In Eq. (11), ${\textrm{s}_1}(\textrm{t} ),{\textrm{s}_2}(\textrm{t} )$ are two different channels, indicating different power distributions. P1 is the user with a high-power level far away from the OLT in Fig. 1, and P2 is the user with a low power level near the OLT. Figure 5 shows the two new 3D-PSCD-NOMA schemes. The mapping rules and 3D constellation coordinates of the two schemes for different powers are shown in Table 1. In the 3D constellation, cube extension is the primary way. In Fig. 5(a), the high-power signal is the QPSK constellation distribution in the XOZ plane of 3D space, while the low-power signal is the cuboid structure. The constellation after the superposition of the two signals is shown in Fig. 5(a). It can be found that the whole constellation map presents a structure of two 16 QAM. In order to make full use of low power point resources, 3D-PSCD-NOMA2 is designed, as shown in Fig. 5(b). The high-power signal still adopts QPSK constellation distribution in the XOZ plane of three-dimensional space, and the low-power signal adopts pair mapping. The quadrantal distribution of high-power signals determines the signal mapping rule and constellation distribution.
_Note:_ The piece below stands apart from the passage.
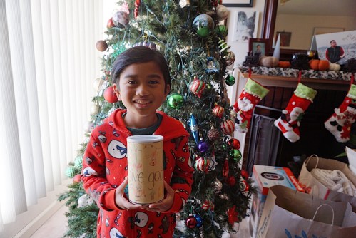 Everyday I start the mornings off with the news on tv. That may not always be the best idea because of how absolutely depressing the entire world is right now, but it’s always a good idea to keep updated. While I make breakfast for the boys, Kole is always paying attention to the news as well. Last year he was so concerned and felt such sadness for the victims of the Tubbs Fire that he asked me if there was something we can do. (And yes, that made me cry!) So that was the beginning of a new family holiday tradition. As a family, we decided to make a donation cup, which Kole decorated himself, and leave the cup in the middle of the dining table during Christmas and ask the family if they’d like to donate.

Table 1 shows the mapping rules of low-power signals in case of case 1. The other three cases of P2 can be obtained according to the constellation distribution of the case1, which can be expressed as:

$$\left\{ \begin{array}{ll} Case1\textrm{: }&({{x_{case1}},{y_{case1}},{z_{case1}}} )\\ \\ Case2\textrm{: }&({ - {x_{case1}},{y_{case1}},{z_{case1}}} )\\ \textrm{ }\\ Case3\textrm{: }&({{x_{case1}},{y_{case1}}, - {z_{case1}}} )\\ \textrm{ }\\ Case4\textrm{: }&({ - {x_{case1}},{y_{case1}}, - {z_{case1}}} )\textrm{ } \end{array} \right.\textrm{ }$$
where ${x_{case1}},{y_{case1}},{z_{case1}}$ is the three-dimensional coordinates of each constellation point in Case 1. In this way, the constellation distribution of the cube can be extended outwards based on six faces with the cube as the center. This method makes full use of the three-dimensional constellation space. Compared with the traditional two-dimensional square 32 QAM, the MED of the constellation points will be increased by 17.77%.

 figure: Fig. 5.

Fig. 5. 3D-PSCD-NOMA constellation superposition ((a) 3D-PSCD-NOMA1 (b) 3D-PSCD-NOMA2).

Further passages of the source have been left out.